Op den Buijs Jorn, Pijl Marten, Landgraf Andreas
Philips Research, Eindhoven, Netherlands.
Philips DACH, Hamburg, Germany.
JMIR Med Inform. 2021 Mar 8;9(3):e25121. doi: 10.2196/25121.
Predictive analytics based on data from remote monitoring of elderly via a personal emergency response system (PERS) in the United States can identify subscribers at high risk for emergency hospital transport. These risk predictions can subsequently be used to proactively target interventions and prevent avoidable, costly health care use. It is, however, unknown if PERS-based risk prediction with targeted interventions could also be applied in the German health care setting.
The objectives were to develop and validate a predictive model of 30-day emergency hospital transport based on data from a German PERS provider and compare the model with our previously published predictive model developed on data from a US PERS provider.
Retrospective data of 5805 subscribers to a German PERS service were used to develop and validate an extreme gradient boosting predictive model of 30-day hospital transport, including predictors derived from subscriber demographics, self-reported medical conditions, and a 2-year history of case data. Models were trained on 80% (4644/5805) of the data, and performance was evaluated on an independent test set of 20% (1161/5805). Results were compared with our previously published prediction model developed on a data set of PERS users in the United States.
German PERS subscribers were on average aged 83.6 years, with 64.0% (743/1161) females, with 65.4% (759/1161) reported 3 or more chronic conditions. A total of 1.4% (350/24,847) of subscribers had one or more emergency transports in 30 days in the test set, which was significantly lower compared with the US data set (2455/109,966, 2.2%). Performance of the predictive model of emergency hospital transport, as evaluated by area under the receiver operator characteristic curve (AUC), was 0.749 (95% CI 0.721-0.777), which was similar to the US prediction model (AUC=0.778 [95% CI 0.769-0.788]). The top 1% (12/1161) of predicted high-risk patients were 10.7 times more likely to experience an emergency hospital transport in 30 days than the overall German PERS population. This lift was comparable to a model lift of 11.9 obtained by the US predictive model.

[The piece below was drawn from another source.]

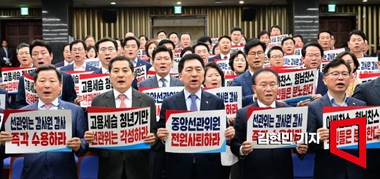김기현 국민의힘 당대표도 이날 국회에서 진행된 확대간부회의를 통해 “아빠찬스, 형님찬스에 이어 고속승진 의혹까지 선거관리인지 자녀 경력 관리하는 것인지 분간할 수 없는 선관위의 작태가 드러났는데도 민주당은 선관위의 감사원 감사 거부 결정을 옹호하기까지 한다”며 “민주당의 이런 반 상식·불공정·내로남불·패거리정치에 국민들이 분노하는 만큼 거꾸로 집권여당의 역할과 책임이 더욱 막중하다”고 강조했다.

Despite differences in emergency care use, PERS-based collected subscriber data can be used to predict use outcomes in different international settings. These predictive analytic tools can be used by health care organizations to extend population health management into the home by identifying and delivering timelier targeted interventions to high-risk patients. This could lead to overall improved patient experience, higher quality of care, and more efficient resource use.
基于美国通过个人应急响应系统(PERS)对老年人进行远程监测的数据进行的预测分析,可以识别出有紧急住院运输高风险的用户。这些风险预测随后可用于主动进行干预,并防止不必要的、昂贵的医疗保健使用。然而,基于PERS的风险预测与针对性干预措施是否也能应用于德国的医疗保健环境尚不清楚。
目标是基于德国PERS供应商的数据开发并验证一个30天紧急住院运输的预测模型,并将该模型与我们之前基于美国PERS供应商的数据开发并发表的预测模型进行比较。
使用德国PERS服务的5805名用户的回顾性数据来开发并验证一个30天住院运输的极端梯度提升预测模型,包括从用户人口统计学、自我报告的医疗状况以及2年病例数据历史中得出的预测因素。模型在80%(4644/5805)的数据上进行训练,并在20%(1161/5805)的独立测试集上评估性能。将结果与我们之前基于美国PERS用户数据集开发并发表的预测模型进行比较。
德国PERS用户的平均年龄为83.6岁,女性占64.0%(743/1161),65.4%(759/1161)的用户报告有3种或更多慢性病。在测试集中,共有1.4%(350/24847)的用户在30天内有一次或多次紧急运输,这与美国数据集(2455/109966,2.2%)相比显著更低。通过受试者操作特征曲线下面积(AUC)评估的紧急住院运输预测模型的性能为0.749(95%CI 0.721 - 0.777),这与美国预测模型(AUC = 0.778 [95%CI 0.769 - 0.788])相似。预测的高风险患者中前1%(12/1161)在30天内经历紧急住院运输的可能性是德国PERS总体人群的10.7倍。这种提升与美国预测模型获得的11.9的模型提升相当。
尽管在紧急护理使用方面存在差异,但基于PERS收集的用户数据可用于预测不同国际环境下的使用结果。这些预测分析工具可被医疗保健组织用于通过识别并向高风险患者提供更及时的针对性干预措施,将人群健康管理扩展到家庭。这可能会带来整体改善的患者体验、更高的护理质量以及更有效的资源利用。